Le ballon, se dégonflant peu à peu, retombait avec les hardis aéronautes retenus à son filet; mais il était douteux qu'il put atteindre la terre, aussi les Français se précipitèrent dans le fleuve, et reçurent les trois Anglais entre leurs bras, au moment où le Victoria s'abattait à quelques toises de la rive gauche du Sénégal.

« Le docteur Fergusson! s'écria le lieutenant.

--Lui-même, répondit tranquillement le docteur, et ses deux amis. »

Les Français emportèrent les voyageurs au delà du fleuve, tandis que le ballon à demi dégonflé, entraîné par un courant rapide, s'en alla comme une bulle immense s'engloutir avec les eaux du Sénégal dans les cataractes de Gouina.

« Pauvre Victoria! » fit Joe.

Le docteur ne put retenir une larme; il ouvrit ses bras, et ses deux amis s'y précipitèrent sous l'empire d'une grande émotion

CHAPITRE XLIV

Conclusion.--Le procès-verbal.--Les établissements français.--Le poste de Médine.--Le Basilic.--Saint-Louis.--La frégate anglaise.--Retour à Londres.

L'expédition qui se trouvait sur le bord du fleuve avait été envoyée par le gouverneur du Sénégal; elle se composait de deux officiers, MM. Dufraisse, lieutenant d'infanterie de marine, et Rodamel, enseigne de vaisseau; d'un sergent et de sept soldats. Depuis deux jours, ils s'occupaient de reconnaître la situation la plus favorable pour l'établissement d'un poste à Gouina, lorsqu'ils furent témoins de l'arrivée du docteur Fergusson.

On se figure aisément les félicitations et les embrassements dont furent accablés les trois voyageurs. Les Français, ayant pu contrôler par eux mêmes l'accomplissement de cet audacieux projet, devenaient les témoins naturels de Samuel Fergusson.

Aussi le docteur leur demanda-t-il tout d'abord de constater officiellement son arrivée aux cataractes de Gouina.

« Vous ne refuserez pas de signer un procès-verbal? demanda-t-il au lieutenant Dufraisse.

--A vos ordres, » répondit ce dernier.

Les Anglais furent conduits à un poste provisoire établi sur le bord du fleuve; ils y trouvèrent les soins les plus attentifs et des provisions en abondance.

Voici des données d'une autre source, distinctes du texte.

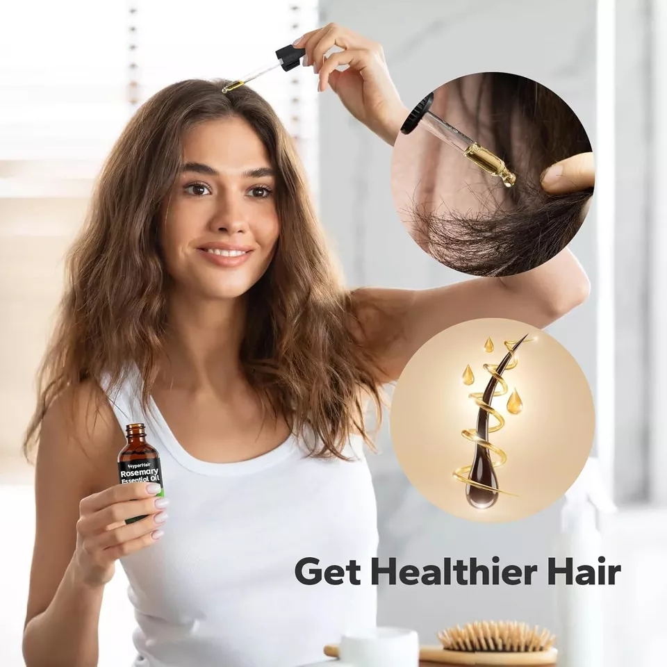 Rosemary Oil (2 Fl.Oz) Organic Essential for Hair Growth, for Thicker Stronger Hair, Nourishes Dry Scalp, Soothes Split Ends of All Hair Types Refreshing and Non-Greasy: Elevate your hair care experience with our rosemary oil, boasting a rich blend of nutrients that invigorate your locks. Bid farewell to greasy textures as this formula actively nourishes your hair, providing essential nutrients for stunning volume and an incredible shine. A must-have for all hair types, it keeps your tresses healthy without unwanted grease. Smooth Split Ends: Experience the lightweight magic of our treatment that indulges your split ends, leaving them nourished and sleek. Prior to shampooing, apply it to the ends of your hair for a soothing and smoothing effect. Achieve a healthy, shiny finish that adapts effortlessly to your styling preferences, be it air-dried or carefully crafted. Soothe Dry Scalp: Immerse your scalp in the goodness of our rosemary essential oil, a luxurious blend of over 30 essential oils and nutrients. Penetrating deep into the scalp, it boosts circulation, combats dandruff, and brings comfort to itchy, sensitive skin. Embrace the transformative effects as it simultaneously strengthens, lengthens, nourishes, and protects your hair. Nourish & Strengthen: Elevate your everyday hair care routine with our nutrient-rich, biotin-infused treatment. Whether used daily or as an intensive deep treatment, it serves as a fortress against damage, ensuring your hair emerges strong and lustrous. Revel in the fresh, invigorating scent that accompanies this revitalizing experience. Promote Hair Growth: Unleash the power of our essential oil in promoting hair growth and maintaining overall hair health. Applied topically after dilution, its tonic properties stimulate hair follicles, resulting in lengthened and strengthened locks. Watch as it gracefully slows graying, minimizes hair loss, and indulges your scalp with a burst of moisture. Note: This Product is designed to deliver optimal results, offering high-quality performance and satisfaction. Please note that individual experiences and outcomes may vary based on personal use, preferences, and unique circumstances. For best results, we recommend following the provided guidelines and ensuring the product is used as intended. Product result may vary for every individual. NOTE Hello Buyer, Thank you for your interest in our product! Please note that I am a reseller, and your order will be shipped directly from our nearest warehouse to your address. If you have any questions or need assistance, feel free to reach out.

Et c'est là que fut rédigé en ces termes le procès-verbal qui figure aujourd'hui dans les archives de la Société Géographique de Londres:

« Nous, soussignés, déclarons que ledit jour nous avons vu arriver suspendus au filet d'un ballon le docteur Fergusson et ses deux compagnons Richard Kennedy et Joseph Wilson [Dick est le diminutif de Richard, et Joe celui de Joseph.]; lequel ballon est tombé à quelques pas de nous dans le lit même du fleuve, et, entraîné par le courant, s'est abîmé dans les cataractes de Gouina. En foi de quoi nous avons signé le présent procès-verbal, contradictoirement avec les sus nommés, pour valoir ce que de droit. Fait aux cataractes de Gouina, le 24 mai 1862.

« SAMUEL FERGUSSON, RICHARD KENNEDY, JOSEPH WILSON DUFRAISSE, lieutenant d'infanterie de marine; RODAMEL, enseigne de vaisseau; DUFAYS, sergent; FLIPPEAU, MAYOR, PÉLISSIER, LOROIS, RASCAGNET, GUILLON, LEBEL, soldats. »

Ici finit l'étonnante traversée du docteur Fergusson et de ses braves compagnons, constatée par d'irrécusables témoignages; ils se trouvaient avec des amis au milieu de tribus plus hospitalières et dont les rapports sont fréquents avec les établissements français.

Ils étaient arrivés au Sénégal le samedi 24 mai, et, le 27 du même mois, ils atteignaient le poste de Médine, situé un peu plus au nord sur le fleuve.

Là les français les reçurent à bras ouverts, et déployèrent envers eux toutes les ressources de leur hospitalité; le docteur et ses compagnons purent s'embarquer presque immédiatement sur le petit bateau à vapeur le Basilic, qui descendait le Sénégal jusqu'à son embouchure.

Quatorze jours après, le 10 juin, ils arrivèrent à Saint-Louis, où le gouverneur les reçut magnifiquement; ils étaient complètement remis de leurs émotions et de leurs fatigues. D'ailleurs Joe disait à qui voulait l'entendre:

« C'est un piètre voyage que le notre, après tout, et si quelqu'un est avide d'émotions, je ne lui conseille pas de l'entreprendre; cela devient fastidieux à la fin, et, sans les aventures du lac Tchad et du Sénégal, je crois véritablement que nous serions morts d'ennui! »

Une frégate anglaise était en partance; les trois voyageurs prirent passage à bord; le 26 juin, ils arrivaient à Portsmouth, et le lendemain à Londres.